Improving your memory
I gave this goofy presentation on Roshambo 2.0 (the lizard-spock variant popularized by The Big Bang theory) once and obviously the presentation required that I get the sequence right. It’s pretty tricky, even Sheldon got it wrong… multiple times. This was sort of a lightening talk I had to give at school and it was a casual setting, which meant the audience were my friends and they would totally rip me apart if I got it wrong. I thankfully got it right in one shot :D and it didn’t really matter if my delivery style, poise, body language etc. was great. My presentation was a success mostly because I got it right in one swoop. People came up to me and asked if i had a photographic memory? It’s actually quite the opposite. I have a horrible memory. Close friends know that I have the admirable feat of genuinely forgetting my own birthday one year (if my dear folks and brother hadn’t reminded me at 12:00am, I would have probably gone through the whole day not realizing I clocked another year). Digression aside, the way I managed to get Roshambo 2.0 right was that I weaved a crazy story in my head to follow the sequence. If you aren’t interested in the story that I came up with, skip the next paragraph (why did you start reading this post though?).

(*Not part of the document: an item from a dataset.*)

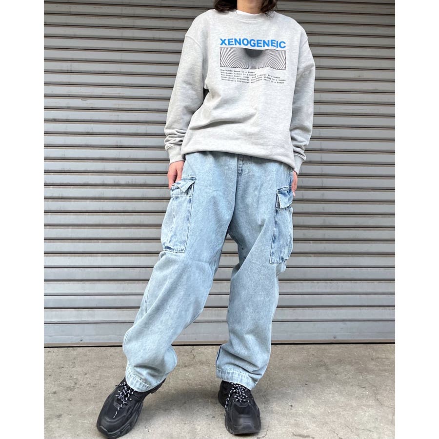 大きめのサイドポケットがポイントのゆるデニム。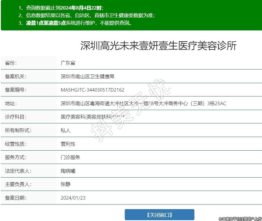 深圳高光未來壹妍壹生醫(yī)療美容診所,診療科目:醫(yī)療美容科(美容皮膚科)******

I imagined myself starting with a pair of scissors cutting paper.I look at the paper and then realized i had used that to cover a rock once, the same rock that I used to chuck at a lizard. That pesky lizard was a blue necked one, similar to the one that poisons Spock in a fictional Star Trek episode. In that fictional episode, Spock was so mad with Kirk’s tomfoolery, that he chucks a scissor at Kirk, but misses and lands up breaking it. Kirk to make up for his actions, decides to kill/decaptiate the same blue necked Lizard(that poisoned Spock), with a scissor. During the battle, the Lizard needed nutrition, so it decides to eat paper. In a crazy twist of serendipitous circumstances, the paper consumed was the same one that Kirk initially wrote to disprove Spock, in an experiment Spock was doing, to vaporize Rock. Oh and Rock beats Scissors. The key here is to make your own story cause this might make no sense at all, but in my head I can see the whole story playing out crystal clear.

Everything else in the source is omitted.